I just posted on the blog @shamrockmom‘s comment and videos from a couple of weeks ago about ep11 and HW playing Schumann’s Toccata in C Major Op.7.  So of course I went back and watched the scene.  I still don’t understand this line from Prof Jo to SJ.  I know it’s been discussed and explained but it’s something I’ve never been able to grasp.

@shamrockmom said:

This is so crazy…I was listening to the Rachmaninoff Variations on my way to and from work today, thinking about HW after she gets out of jail as yet another variation….I think what Professor Jo was trying to say to SJ was:  OK, here is a picture of HW, young, idealistic, uncorrupted, with a pure love for the music and desire to be the best she could be….that’s the start, the simple beginning of the piece…but later, it turns dark and complex as Rachmaninoff incorporates the Dies Irae (Literally–judgement day.  It’s the first part of a Medieval Latin Mass for the Dead) You could take that to mean that HW sort of moves over to the “Dark Side”, bringing a figurative judgement and death of that innocent girl we see…HW gets more complex as the corruption and desire for the money/status drown out that part of her, the simple and uncomplicated  girl who loved music. Underneath all the greed and corruption, the innocent and pure HW is still there, like the theme in the music.  I think SJ understands this, regardless of his  lack of classroom musical theory, he gets it on a gut level.

The first 5 minutes of this video by the British pianist Stephen Hough, (who was included on the 3 CD all-classical OST) is a pretty simple explanation of the theme, how it gets reversed and put into a different key, plus it’s kind of a fun thing to see this orchestra practicing in their everyday clothes, SJ would feel very comfortable with these folks, LOL!

@mdj101 hit the nail on the head here–I think it’s a turning point for SJ, and the drama as a whole; he starts to see the bigger picture, a future he can visualize for the two of them as a couple.

mdj101 said:

I think something happened when SJ had that little talk with Prof. Jo and saw the picture(and program) of HW at 20 years of age.  Prof. Jo basically ponted out that  picture as “the theme” of who HW was, explaining how as her friend he can understand what she is /does now. But SJ sees something very different in that young girl, he sees the HW of today and what she should and could become.  And he sent that picture to her phone as a reminder, before he met up with her to convince her to quit it all now!

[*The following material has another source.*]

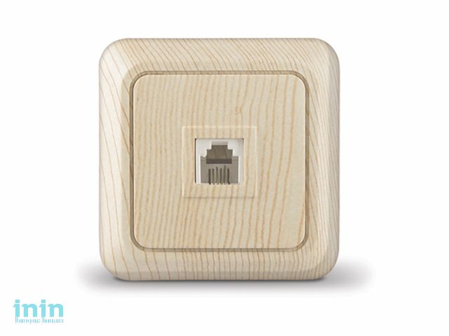 Розетка 1-ая телефонная (открытая) сосна, Олимп, UNIVersal

I think that picture matched the HW that SJ saw and loved. And he began planning and taking the steps to make the dream become reality.  Right up until the “Madhouse scene”, he persists making his case while HW keeps trying to have it both ways.

@dualnon said:

But I have another question because I get the theme, although after watching the video, much clearer then before.  Are the variations different points in HW’s life?  Maybe I’m being too literal.  I guess I’m trying to understand Prof Jo’s words – If Oh Hye Won today were one of the 24 piano variations.  Are we supposed to know which variation or are they a continuum?

@gretac said:

My take on that is that the different variations are HW’s different ways-of-being in the world. Young innocent girl, musician, teacher, friend, hollow shell, manager, criminal… They’re all related to each other, joined by the main theme that is OHW’s core soul essence. I took Jo’s statement as a general metaphor, not necessarily with a one-to-one correspondence with each variation in chronological order of her life; but I love how @shamrockmom identified the Dies Irae with HW’s corruption/dark side, and the increasing complexity of the music with the increasing complexity of her life.

And I’ve thought of the lighter variation — is it #18? the one that Hough says the audience always breathes a sigh of relief when it emerges — which is so loving and romantic, is when LSJ entered her life, bringing hope, inspiration, openness/spaciousness of being along with his love.

And back a ways, @mdj101 here pointed us to serendipity’s SLA review here, where she talked about how the ending, which is so suddenly quiet and calm, and then abruptly over, is like the ending of the show, when HW is in prison, in her suddenly calm, open space, an end that offers space for a new beginning.